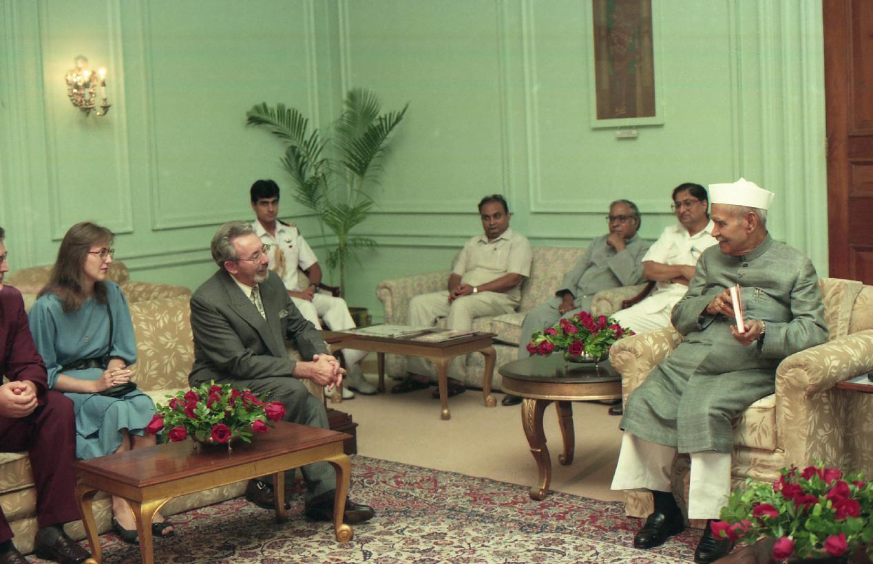 The President of India, Dr. Shankar Dayal Sharma receiving a copy of the books "Discovering Human Potential Energy Kundalini" from Dr. Lajpat Rai at Rashtrapati Bhavan in New Delhi on July 19, 1996.
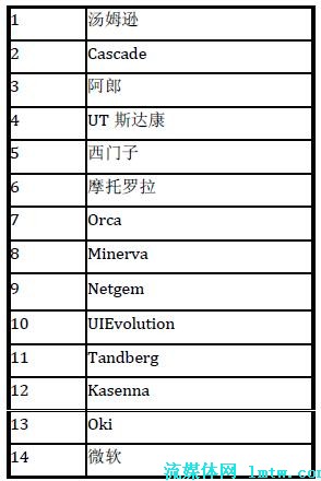 在中國(guó)市場(chǎng)上,UT 斯達(dá)康和中興公司暫時(shí)領(lǐng)先于其他公司。其中,UT 斯達(dá)康在海外也有不俗的表現(xiàn),如在印度和日本市場(chǎng)等;華為公司可以借助其整體解決方案的實(shí)力,有機(jī)會(huì)在下一代基于IMS 的IPTV 解決方案中脫穎而出。MRG 曾經(jīng)在2007 年3 月公布過(guò)一個(gè)市場(chǎng)調(diào)查,對(duì)IPTV 中間件及其市場(chǎng)影響力進(jìn)行了一個(gè)排名,具體的結(jié)果見表1。
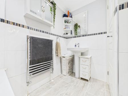 BATHROOM A modern family bathroom comprising a panelled bath with shower attachments above, low level WC, pedestal wash basin, extractor fan, chrome heated towel rail, complementary tiling and a deep built in storage cupboard.
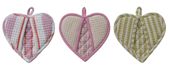 10"L x 8"W Cotton Quilted Waffle Weave Heart Shaped Pot Holder w/ Stripes, Multi Color, 3 Styles
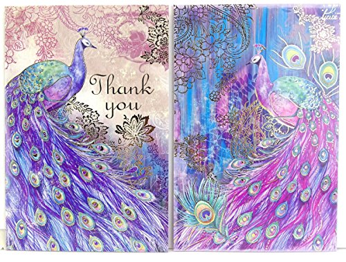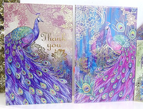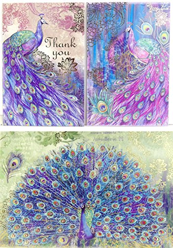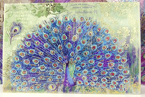 (Punch Studio)/Stationery Party Supplies/Stationery/DIRECT FROM USA/#97652 Punch Studio Note Card Set (12) Magical Peacock Trio in Vinyl Pouch Thank You
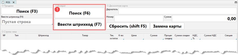 - для добавления позиции возврата нужно провести поиск по штрихкоду или чеку
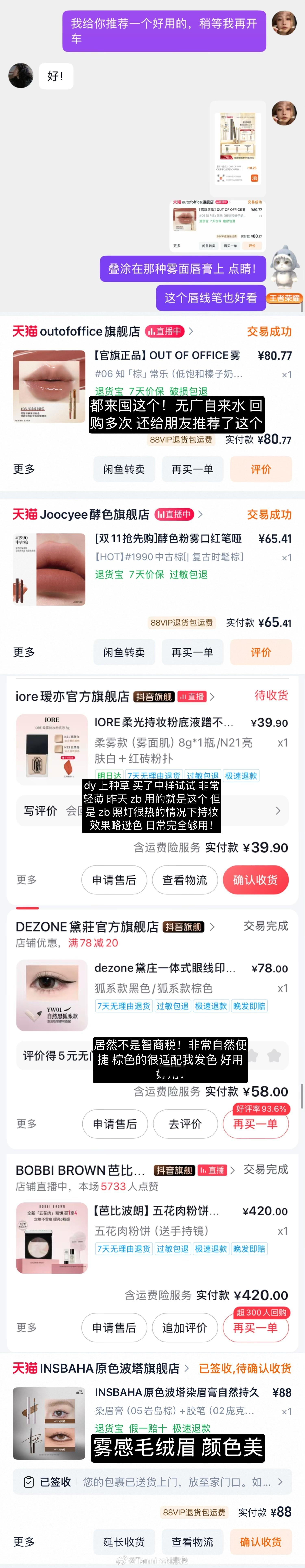 晚上 wb 这边先 bo 个化妆聊天推荐些 1111 要入的东西叭
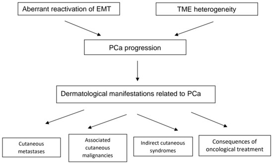 Dermatological conditions related to PCa (EMT—epithelial–mesenchymal transition; TME—tumor microenvironment; PCa—prostate cancer).
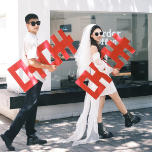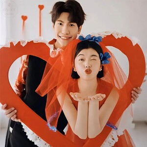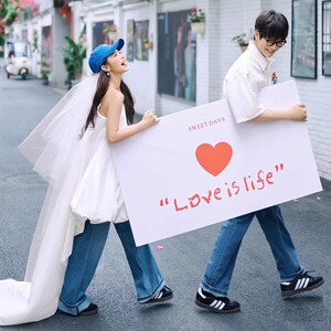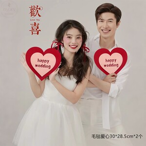 结婚订婚拍照道具创意毛毡大爱心手举牌婚礼婚纱拍摄喜字婚房装饰
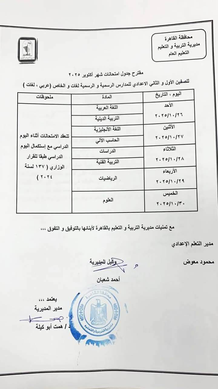 جدول امتحانات شهر أكتوبر للمرحلة الإعدادية 2025 القاهرة
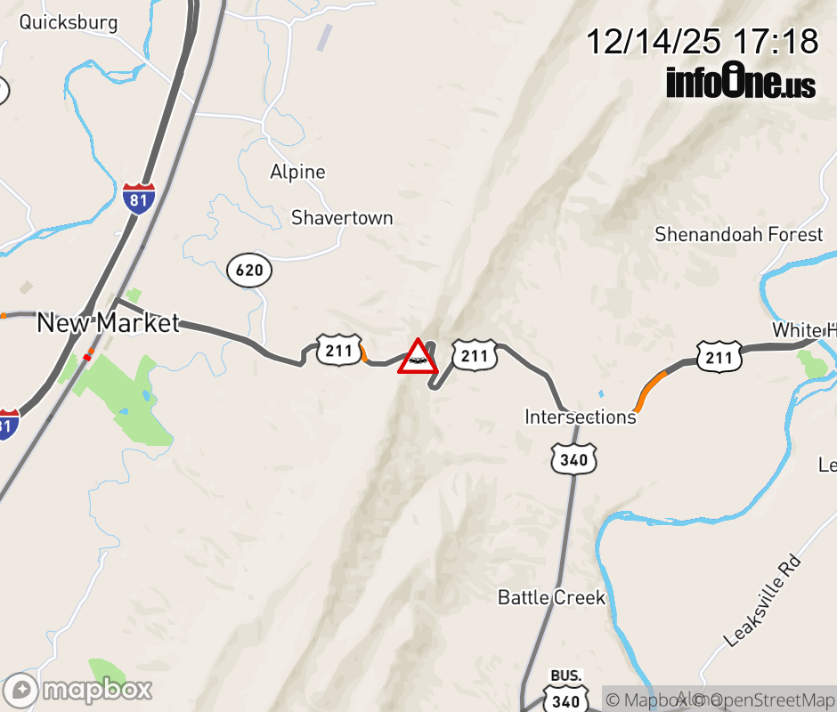 On US-211 in the County of Page, in the vicinity of County/City/Town Line: PAGE CL/SHENANDOAH CL, motorists can expect delays due to a tractor trailer crash. The west right lane and right shoulder are closed. Updated: Sun 12/14/25 5:18 PM EST ![]() Updated: Sun 12/14/25 5:18 PM EST |
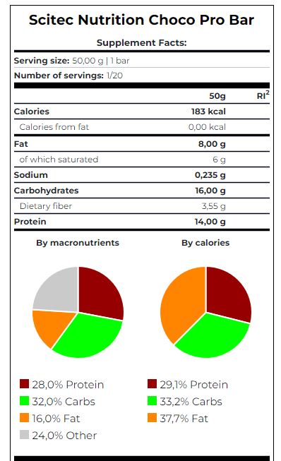 SCITEC Choco Pro Bar Box / 20 x 50 g е изключително вкусен протеинов бар, който ефективно засища глада и повишава енергията, независимо къде се намирате. С високото съдържание на протеин, този продукт предоставя на тялото необходимите хранителни вещества за правилно изграждане и възстановяване на мускулна маса. Ниското съдържание на захар е допълнителен плюс за онези, които се грижат за своето здравословно хранене. С покритие от истински шоколад и мека текстура, SCITEC Choco Pro Bar е идеалното здравословно изкушение, от което имате нужда.
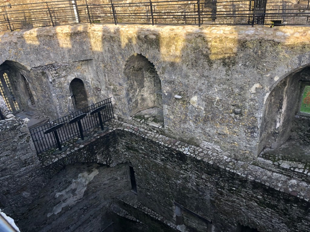 At the top of the castle we reached the blarney stone. I was confused because there was nobody up there. This is where we get to kiss the Blarney Stone right? Why was there no one else. I thought I’d be waiting in line for this big tourist thing. Nope. We walked around and then approached someone who looked like he worked there and he guided us in kissing the stone. I didn’t know how intense it actually was. You are basically being held over the side of the castle upside down to kiss this stone. The workers holds you and help push you towards the stone. I was so freaked out. I am not sure how good I actually got is so I might only have half the power of the gift of the gab. Honoria did much better, but she is also like a foot taller than me. It was fun. We laughed for a bit after that about being man handled a little.
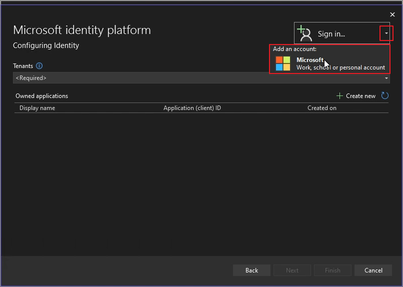 Authentication type -> Microsoft identity platform -> Create

■ WORK INSTRUCTION
Produce a verbatim copy of every entry, excluding pictures.

■ RESPONSE BELOW
 The President of India, Dr. Shankar Dayal Sharma receiving a copy of the books "Discovering Human Potential Energy Kundalini" from Dr. Lajpat Rai at Rashtrapati Bhavan in New Delhi on July 19, 1996.
 在中國(guó)市場(chǎng)上,UT 斯達(dá)康和中興公司暫時(shí)領(lǐng)先于其他公司。其中,UT 斯達(dá)康在海外也有不俗的表現(xiàn),如在印度和日本市場(chǎng)等;華為公司可以借助其整體解決方案的實(shí)力,有機(jī)會(huì)在下一代基于IMS 的IPTV 解決方案中脫穎而出。MRG 曾經(jīng)在2007 年3 月公布過(guò)一個(gè)市場(chǎng)調(diào)查,對(duì)IPTV 中間件及其市場(chǎng)影響力進(jìn)行了一個(gè)排名,具體的結(jié)果見表1。
 BATHROOM A modern family bathroom comprising a panelled bath with shower attachments above, low level WC, pedestal wash basin, extractor fan, chrome heated towel rail, complementary tiling and a deep built in storage cupboard.
 10"L x 8"W Cotton Quilted Waffle Weave Heart Shaped Pot Holder w/ Stripes, Multi Color, 3 Styles
 (Punch Studio)/Stationery Party Supplies/Stationery/DIRECT FROM USA/#97652 Punch Studio Note Card Set (12) Magical Peacock Trio in Vinyl Pouch Thank You
 - для добавления позиции возврата нужно провести поиск по штрихкоду или чеку
 晚上 wb 这边先 bo 个化妆聊天推荐些 1111 要入的东西叭
 Dermatological conditions related to PCa (EMT—epithelial–mesenchymal transition; TME—tumor microenvironment; PCa—prostate cancer).
 结婚订婚拍照道具创意毛毡大爱心手举牌婚礼婚纱拍摄喜字婚房装饰
 جدول امتحانات شهر أكتوبر للمرحلة الإعدادية 2025 القاهرة
 On US-211 in the County of Page, in the vicinity of County/City/Town Line: PAGE CL/SHENANDOAH CL, motorists can expect delays due to a tractor trailer crash. The west right lane and right shoulder are closed. Updated: Sun 12/14/25 5:18 PM EST ![]() Updated: Sun 12/14/25 5:18 PM EST |
 SCITEC Choco Pro Bar Box / 20 x 50 g е изключително вкусен протеинов бар, който ефективно засища глада и повишава енергията, независимо къде се намирате. С високото съдържание на протеин, този продукт предоставя на тялото необходимите хранителни вещества за правилно изграждане и възстановяване на мускулна маса. Ниското съдържание на захар е допълнителен плюс за онези, които се грижат за своето здравословно хранене. С покритие от истински шоколад и мека текстура, SCITEC Choco Pro Bar е идеалното здравословно изкушение, от което имате нужда.
 At the top of the castle we reached the blarney stone. I was confused because there was nobody up there. This is where we get to kiss the Blarney Stone right? Why was there no one else. I thought I’d be waiting in line for this big tourist thing. Nope. We walked around and then approached someone who looked like he worked there and he guided us in kissing the stone. I didn’t know how intense it actually was. You are basically being held over the side of the castle upside down to kiss this stone. The workers holds you and help push you towards the stone. I was so freaked out. I am not sure how good I actually got is so I might only have half the power of the gift of the gab. Honoria did much better, but she is also like a foot taller than me. It was fun. We laughed for a bit after that about being man handled a little.
 Authentication type -> Microsoft identity platform -> Create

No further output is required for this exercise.